Polycystic ovary syndrome (PCOS) is an endocrine condition characterized by chronic oligo-ovulation or anovulation, characteristic ovarian findings in ultrasound examination, and hyperandrogenism.1 PCOS is the most common endocrine disease in females, affecting 5–10% of child-bearing women.2 PCOS is commonly associated with different risk factors for cardiovascular disease such as insulin resistance, obesity, dyslipidemia, and hypertension.3,4 Controversy exists as to whether insulin resistance is the result of PCOS or obesity.4

Renin, previously considered an enzyme, is a hormone that increases the production of plasminogen activator inhibitor-1 and induces cell hypertrophy and vascular fibrosis.5–7 It has been suggested that high plasma renin activity could be an additional risk factor for cardiovascular disease in patients with essential hypertension.8 The pathophysiological mechanisms of this association are still unknown, but experimental and clinical data have revealed the relationship between high plasma renin activity and vascular damage.9

Aldosterone is a recognized cardiovascular risk factor because of its significant role in the pathophysiology of hypertension, left ventricular hypertrophy, and heart failure.10 It has been shown to promote myocardial and valvular fibrosis, impair cardiac remodeling, and induce perivascular inflammation.11 The mechanism by which aldosterone causes these changes may be activation of an inflammatory status characterized by the presence of oxidative stress and inflammation.12 High aldosterone levels are associated with a high prevalence of glucose intolerance, diabetes mellitus, and metabolic syndrome.13,14

Since patients with PCOS are considered to be at a high risk of suffering cardiovascular diseases, the purpose of the research was to assess plasma renin and aldosterone levels in obese and non-obese women diagnosed with polycystic ovary syndrome.

From September 2009 to January 2011, women attending the outpatient clinics of internal medicine, endocrinology, and gynecology of Hospital Central Dr. Urquinaona diagnosed with PCOS were recruited into the study. The ethics committee of the hospital approved the study, and written consent was obtained from all patients.

Diagnosis of PCOS was confirmed using the following criteria: evidence of oligoanovulation (less than six menstrual periods in the previous year), clinical or biochemical signs of hyperandrogenism (plasma testosterone levels above the upper limit of normal and an abnormal LH [luteinizing hormone]/FSH [follicle-stimulating hormone] ratio>2), and normal or enlarged ovaries (>10mL) with the presence of subcapsular microcysts (12 or more) 2–9mm in diameter in the abdominal ultrasound examination.1

Women with PCOS, both obese (body mass index>30kg/m2; group A, n=34) and non-obese (body mass index<25kg/m2; group B, n=13), were recruited. Hormone tests and abdominal ultrasound were performed during the early follicular phase, between the third and fifth days of the spontaneous menstrual cycle. The control group (group C, n=47) consisted of age-matched women with regular menses and ultrasonographically normal ovaries attending the clinic for reasons other than PCOS. All controls were studied on days 3 to 5 of their menstrual cycles. Women with thyroid or adrenal disease, hyperprolactinemia, secondary or severe hypertension (defined as diastolic blood pressure>120mmHg), renal failure with creatinine clearance<30mL/min by 1.73m2 body surface area, urinary protein excretion greater than 1g/day, angina pectoris, recent myocardial infarction or cerebrovascular disease, as well as those who did not agree to participate were excluded from the study. Women with secondary arterial hypertension were excluded based on clinical and laboratory tests. Patients taking antihypertensive drugs were excluded from the study, and those taking lipid lowering drugs were asked to discontinue them four weeks before the study was due to begin. No patient was taking drugs which could have affected aldosterone or renin levels.

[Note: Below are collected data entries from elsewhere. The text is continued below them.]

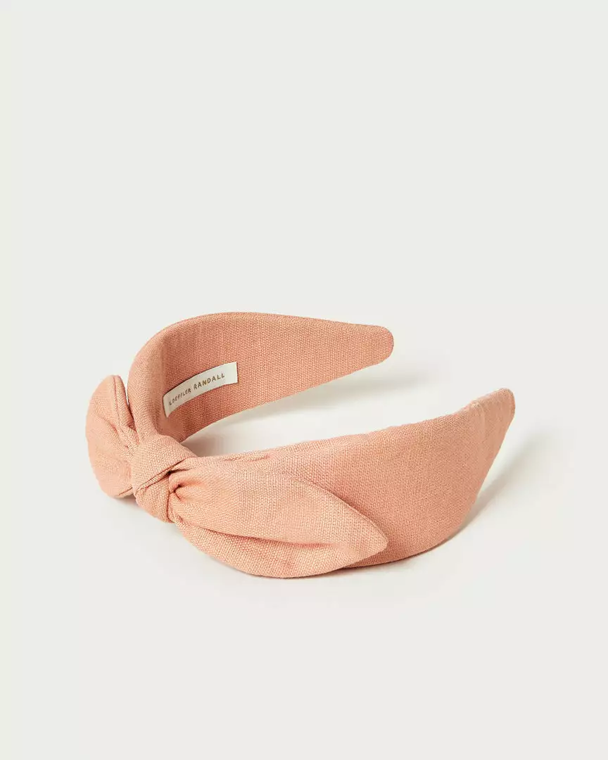 Wide knotted bow headband in blush pink canvas fabric.
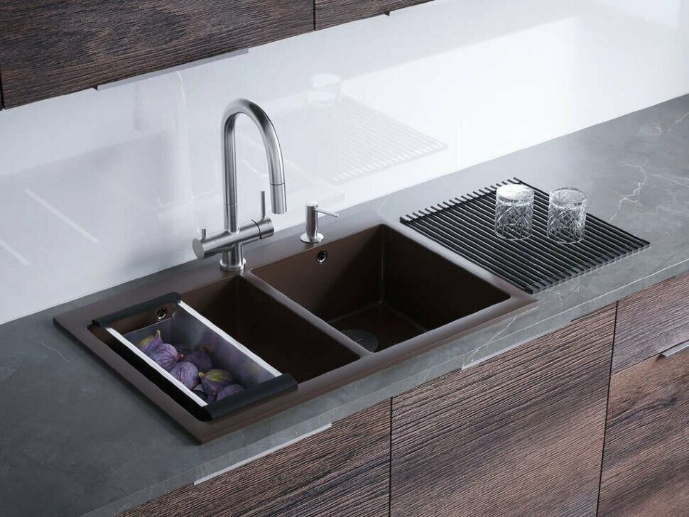 - За счет окрашивания каждой частицы гранитного материала при помощи специальной технологии, первоначальный цвет мойки гарантировано сохраняется в течение всего срока службы;
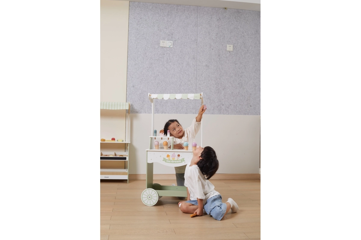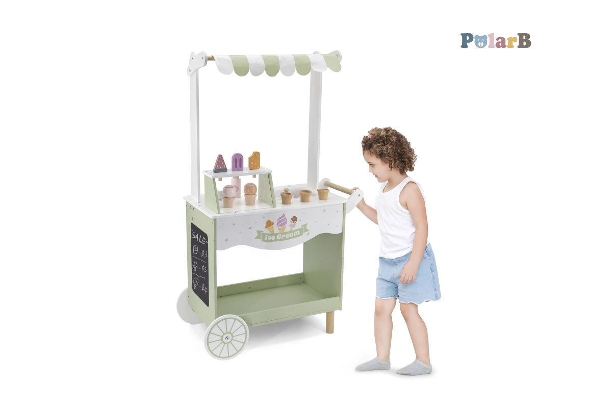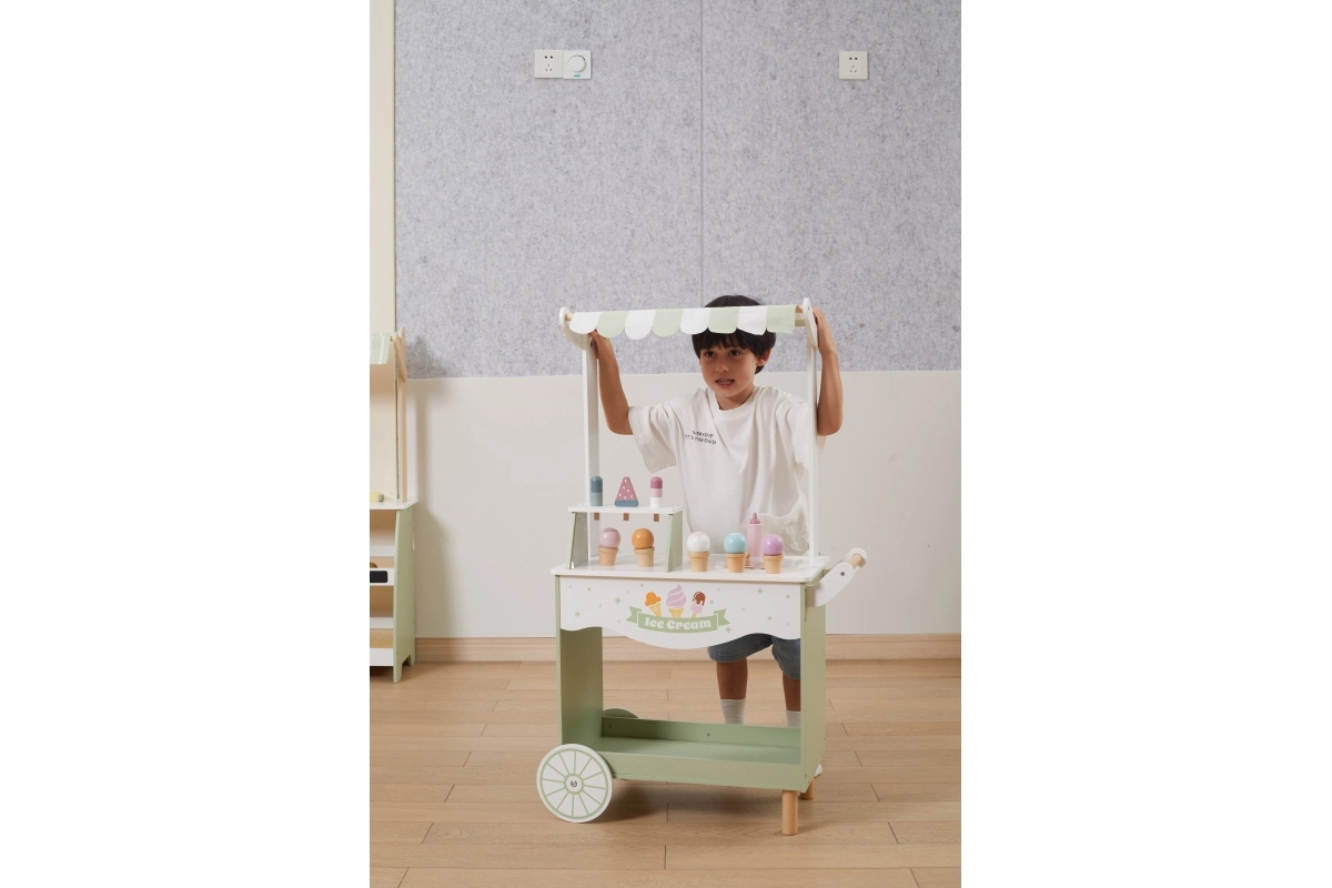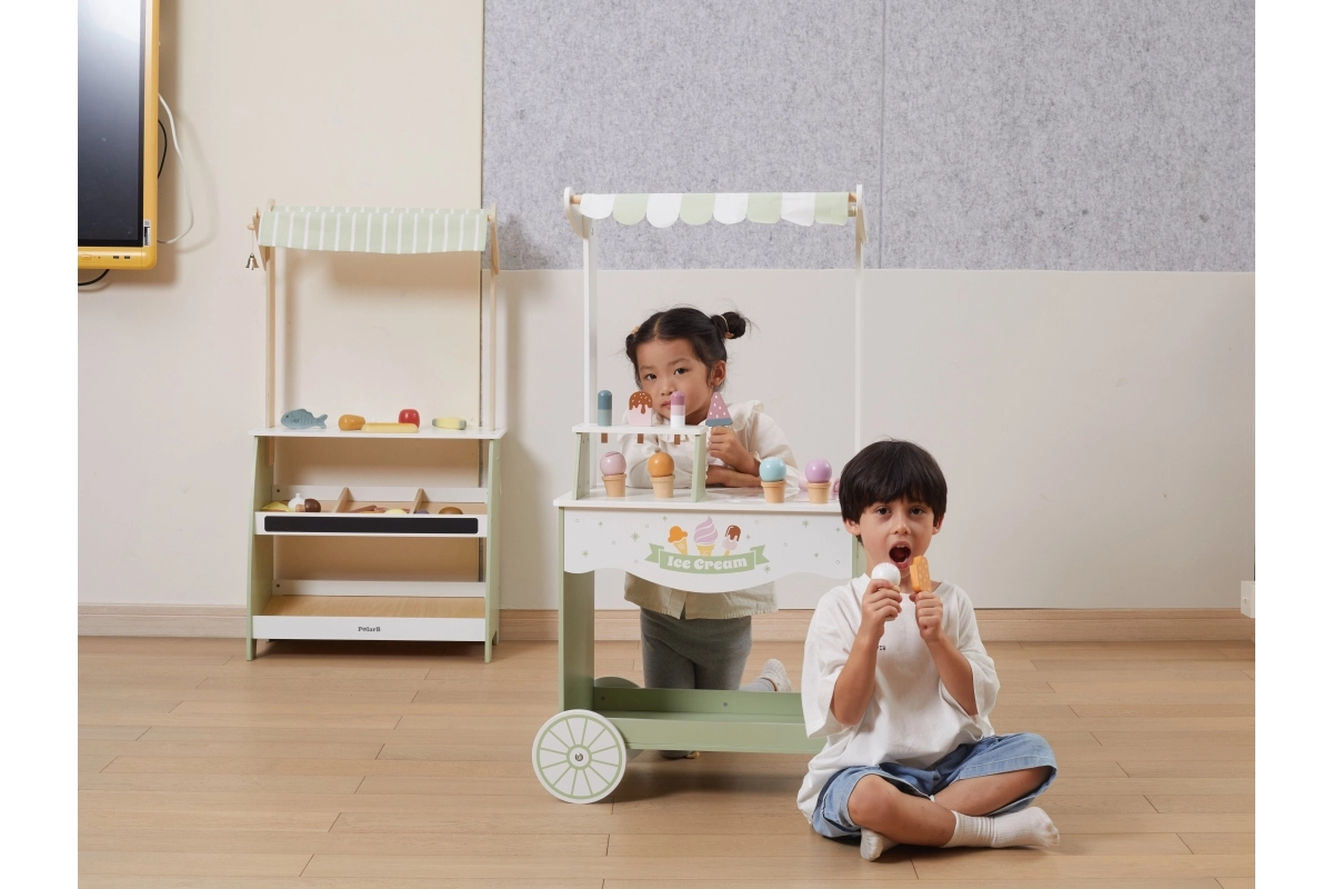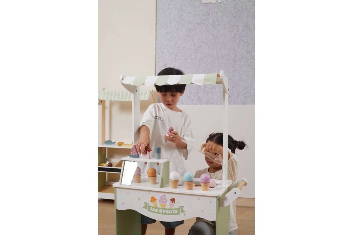 Emprende un viaje lleno de fantasía con nuestro puesto de helados de madera para niños. Este colorido puesto incluye una amplia variedad de helados de madera y accesorios que entretendrán a los niños durante horas:
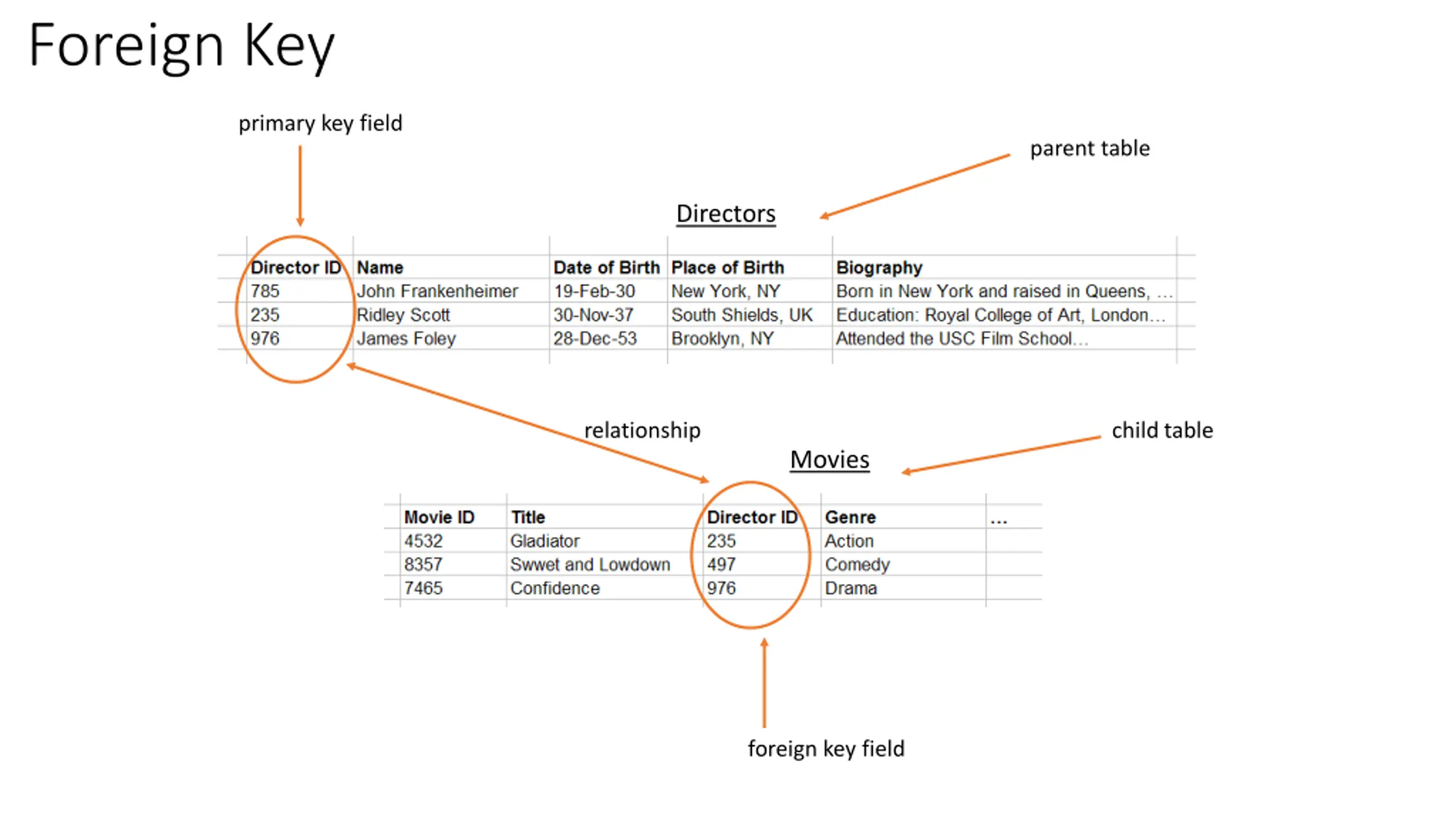 - Foreign Key primary key field parent table Directors relationship child table Movies foreign key field
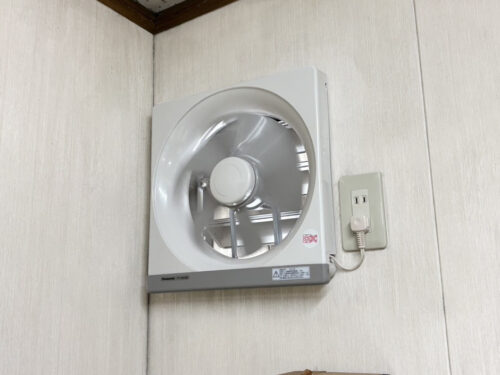 今回の電気工事では、既存換気扇を安全に取り外した後、Panasonic製の新品換気扇へ交換しました。
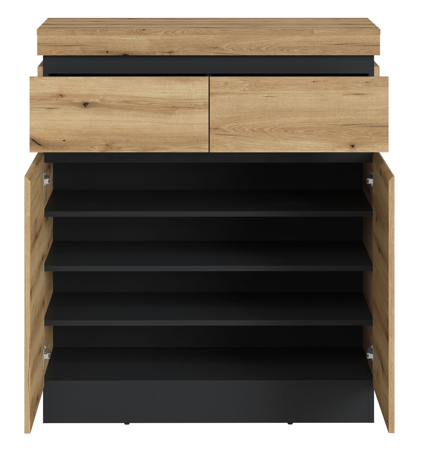 | Lieferumfang: | 1 Schuhschrank mit 2 Türen, 2 Schubladen und 3 Einlegeböden |
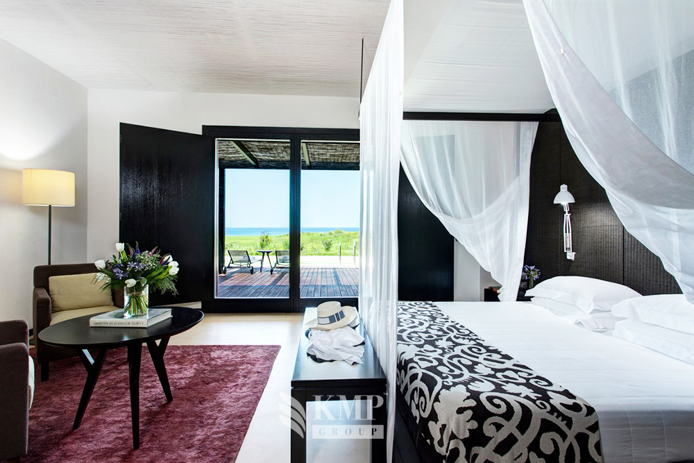 Classic suite (60 кв. м). Терраса с выходом в сад, гостиная зона, спальня с кроватью king-size, ванная комната с ванной и душевой кабиной. Расположены на нижнем этаже рядом с морем. Вид на море и на поле для гольфа.
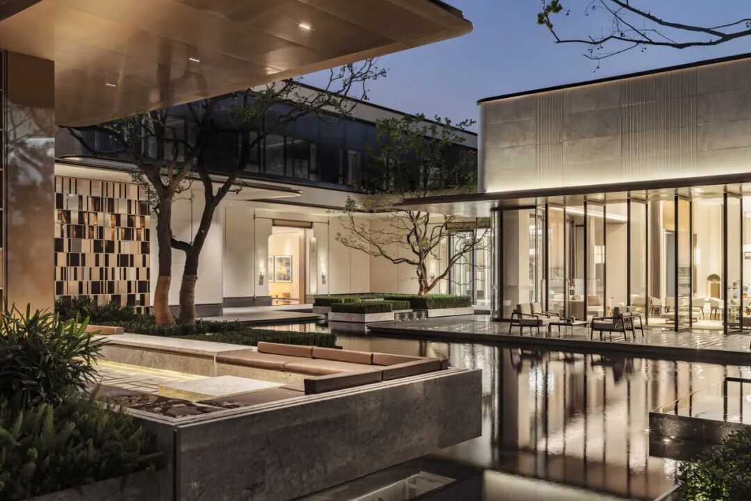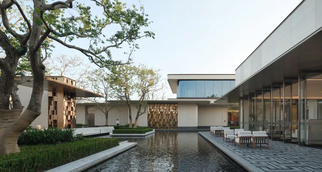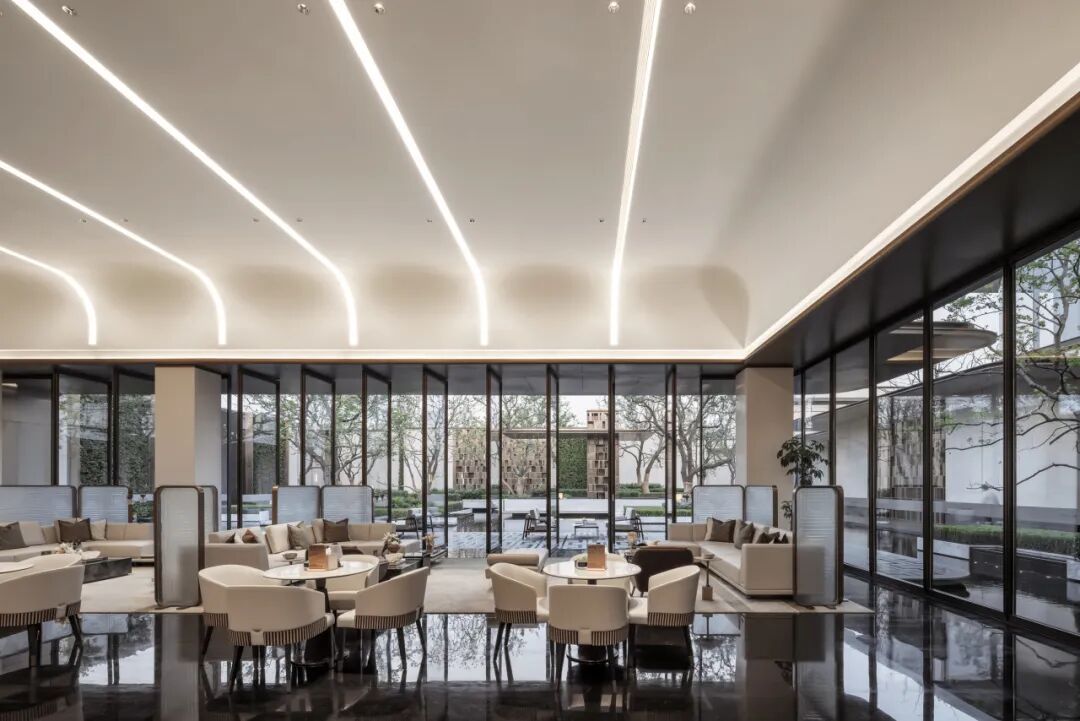 步入园区之后扑面而来的是度假感,水院围合出的一方天地让繁华与宁静在此转身,浓荫下是盈润流水,拂拭城市的喧嚣,让回家的心情在这里转换。“ 院落式景观、水院、树池、与矮景墙穿插,艺术水院、林下书吧、秘境花园 ”等场景打破建筑与室外的边界,室内外有机渗透,塑造层层递进的舒缓场景。
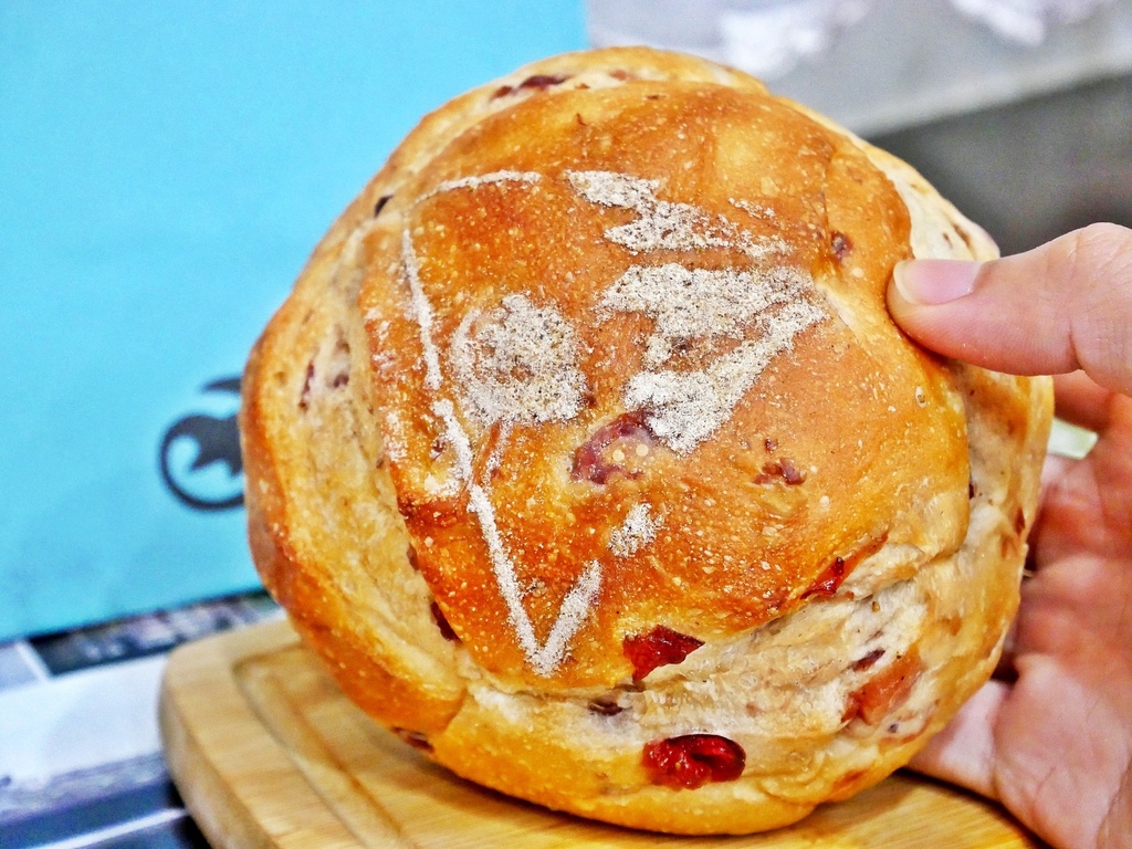 軟歐外層夾了不少果乾,切開才知道裡面更有料,滿滿草莓及蔓越莓果乾填入其中,每一口都吃得到,隨著咀嚼能感受到果香在口中綻放,必須來一個!
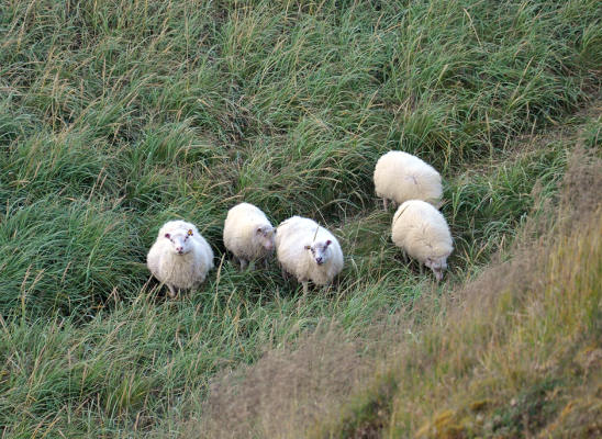 | Марина Скотникова | Ближе к вечеру мы приехали на северо-западное побережье, на мыс Ватснес. Здесь у кромки воды возвышается 15-метровая скала Хвитсеркур, а в высокой траве конечно же скрываются овцы

Hypertension was defined as systolic blood pressure>140mmHg and/or diastolic blood pressure>90mmHg. Measurements were done at least twice at two different times. Blood pressure was measured using a mercury sphygmomanometer after resting for 15min in a supine position, using a cuff of an adequate size. Systolic and diastolic blood pressures were measured at the first and fifth Korotkoff sounds, respectively. The average of three measures taken in 5min was calculated.

Primary hyperaldosteronism was defined as an increased aldosterone–renin ratio in the presence of aldosterone levels>150pg/mL, and confirmed by the absence of aldosterone suppression after the administration of intravenous saline.

Ultrasound examination was performed with General Electric Logiq Pro 3 ultrasound equipment using a convex 3.5MHz abdominal transducer and a 5MHz vaginal transducer. Body mass index (BMI) was calculated as weight divided by height squared (kg/m2), while waist-hip ratio (WHR) was calculated by dividing waist circumference by hip circumference. Waist and hip circumferences were measured at the narrowest abdominal region and at the widest part of the gluteal region, respectively.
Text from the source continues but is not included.